- Federal Circuit May Have its Eye on West Texas Patent Hot Spot – A Federal Circuit order in In re Adobe Inc. may signal the Court’s attention to a new patent litigation hot spot in Central Texas.
- Federal Circuit Reverses TTAB Ruling on Standing – The Federal Circuit overturns TTAB standing ruling in trademark dispute.
- When “Killing Competition” Isn’t Anticompetitive – Antitrust claims fall flat as the Federal Circuit affirms the lower court’s dismissal of Power Analytics Corp. v. Operation Technology, Inc.
Here’s the latest.
Federal Circuit May Have its Eye on West Texas Patent Hot Spot
Patent litigation has become much more frequent in the Waco Division of the U.S. District Court for the Western District of Texas. The court’s presiding judge, Alan D. Albright, has developed new rules to streamline the cases and manage the higher caseload.
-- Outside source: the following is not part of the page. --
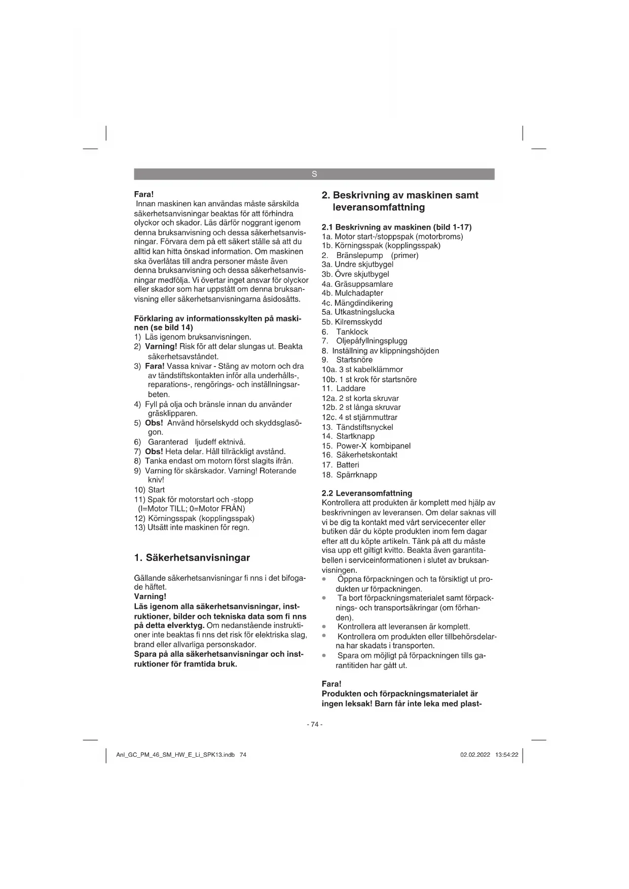 Spara om möjligt på förpackningen tills ga- rantitiden har gått ut. Fara! Produkten och förpackningsmaterialet är ingen leksak! Barn får inte leka med plast- Anl_GC_PM_46_SM_HW_E_Li_SPK13.indb 74Anl_GC_PM_46_SM_HW_E_Li_SPK13.indb 74 02.02.2022 13:54:2202.02.2022 13:54:22S

With the grant of a writ of mandamus in In re Adobe Inc., however, the Federal Circuit may be turning its attention to this new patent litigation hot spot. Perry Cooper provides insight from Megan La Belle, a law professor at Catholic University Law School:
The transfer denial in Adobe is an ‘extreme case,’ La Belle said. Albright acknowledged that very little about the case connected it to Texas, and the inventor of the asserted patents is located in Adobe’s preferred forum, the Northern District of California. But it provides an ‘important signal’ that the Federal Circuit may clamp down on Albright for improperly denying transfer motions, she said. . . . [P]laintiffs may realize they’ll need stronger arguments for keeping a case in Albright’s court.
Federal Circuit Reverses TTAB Ruling on Standing for Petition to Cancel Condom Trademark
The Federal Circuit, in Australian Therapeutic Supplies Pty. Ltd. v. Naked TM, LLC, reversed a Trademark Trial and Appeal Board ruling. While the Board “reasoned that Australian could not show an interest in the cancellation proceeding or a reasonable belief of damage because it had contracted away its proprietary rights in its unregistered marks,” the Federal Circuit disagreed. Eileen McDermott explains why:
[T]he Court held that “a petitioner seeking to cancel a trademark registration establishes an entitlement to bring a cancellation proceeding under 15 U.S.C. § 1064 by demonstrating a real interest in the cancellation proceeding and a reasonable belief of damage regardless of whether petitioner lacks a proprietary interest in an asserted unregistered mark.”
When “Killing Competition” Isn’t Anticompetitive: Federal Circuit Affirms Dismissal Of Power Grid Tech Company’s Antitrust Claims Against Rival Firms
Power Analytics recently lost its appeal in an antitrust suit at the Federal Circuit, with the court upholding the dismissal of its case in Power Analytics Corp. v. Operation Technology, Inc. Power Analytics had alleged the defendants engaged in anticompetitive activity and pointed to one defendant’s internal memo stating the company needed to “kill competition” stemming from Power Analytics. Despite this memo and other antitrust allegations, Shearman & Sterling report that
the Federal Circuit agreed with the trial court that plaintiff failed to plead the requisite elements of anticompetitive conduct and antitrust injury flowing from that conduct. . . . This decision highlights the high burden that plaintiffs face in proving a § 2 violation under Trinko and the importance of distinguishing statements evidencing anticompetitive intent from those demonstrating a valid business interest in maintaining an upper hand over rivals.